# Gentoo binaria

## kandalf

Ciao a tutti, sono un felice gentooista sul desktop, ma sul portatile ho sempre usato debian.

Vorrei mettere gentoo sul portatile, ma date le alte temperature la cpu al100% sta sempre sui 70-72 gradi in fase di compilazione. Potrei mettere gentoo da stage 3, ma nn vorrei ricompilare tutte le nuove versioni di kde (per dirne uno) ogni volta, nn esiste un repository di sorgenti precompilati con USE generiche? Potrei anche provare a compilare tutto da 0, ma queste temperature mi spaventano. Aspetto vostri consigli.

Saluti

----------

## Ic3M4n

se hai gia tutto sul fisso abilita nel make.conf la features buildpkg e sposta i pacchetti sul portatile, con l'opzione -k o -K di emerge utilizzi i pacchetti già pronti. rimane sottinteso che devi avere make.conf e /etc/portage/package.* compatibili.

----------

## kandalf

buono entrambi sono amd64.

ma i pacchetti compilati dove li trovo? il /usr/portage?

----------

## MajinJoko

/usr/portage/packages

(credo   :Razz: )

puoi anche crearli "a mano" con il comando quickpkg

----------

## Ic3M4n

sotto /usr/portage/packages ti trovi una serie di dir tipo x11-base etc etc che contengono dei link simbolici ai veri pacchetti precompilati che ti trovi sotto /usr/portage/packages/All. se vuoi tenerti tutti i pacchetti dovrebbero tornarti utili un paio di comandi tipo fixpackages da inserire nelle features nel make.conf (si occupa di ricreare i link simbolici quando un pacchetto viene spostato su un'altro pc o quando gli viene cambiata la posizione, per esempio da games-arcade a games-sport) e eclean-pkg che ti permette di rimuovere i pacchetti che sono datati e non sono più nell'albero di portage. è comodo per salvare spazio insieme al suo fratellino eclean-dist

[EDIT] quickpkg utilizzalo con cautela perchè ricrea i pacchetti con i file attualmente in uso e copia anche le impostazioni in /etc dei programmi che hai modificato. è molto meglio fargli creare il tutto in fase di compilazione con --buildpkg.

----------

## .:deadhead:.

Già tutto ciò è vero, con gentoo  :Very Happy: 

Se poi vuoi fare il pigro, monti via rete la cartella /usr/portage/packages e così in auto ti cerca ed usa i precompilati se li hai creati sul fisso.
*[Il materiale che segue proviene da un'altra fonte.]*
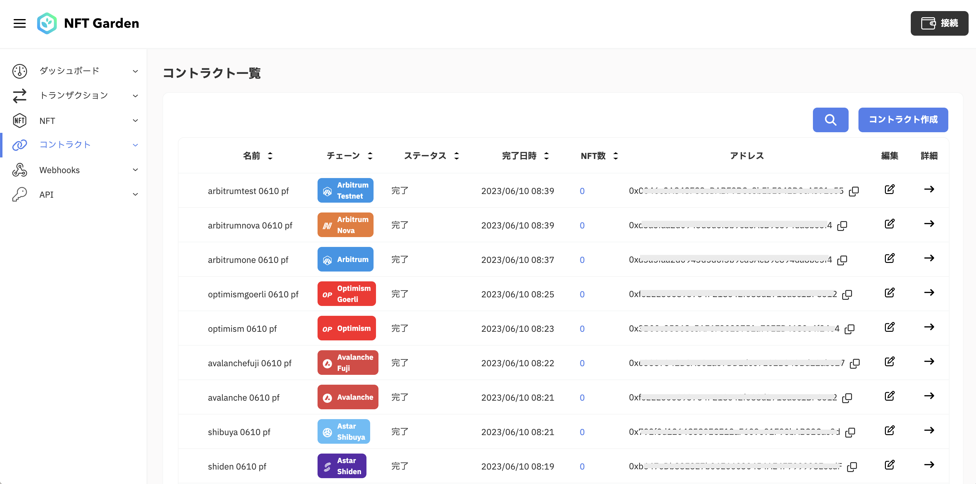 作成したコントラクトの削除、設定変更には対応しておりません。

Addirittura potresti anche esportare la cartella di portage, così da non dover rsyncare 2 volte.

in fine tra gli howto c'è un3d chiamato  portatile felice, dacci un occhio, può interessarti.

Così finalmente usarai solo il meglio anche sul laptop  :Wink: 

----------

## Ic3M4n

una sola precisazione: nel caso in cui esporti tutta la dir di portage e non solo i packages il traffico di rete ti può aumentare leggermente, inoltre dopo il sync dovresti dare un emerge --metadata in quanto attualmente con la nuova versione di portage viene fatto automaticamente durante il sync.

----------

## nightshadow

comunque sia non 'e un problema se la lasci compilare.. io ho gentoo sul notebook compilata tutta da zero e non ho avuto nessun problema.. oppure puoi ridurre il clock del processore con cpufreq (oppure a mano andando a scrivere nel file current_freq nella /sys)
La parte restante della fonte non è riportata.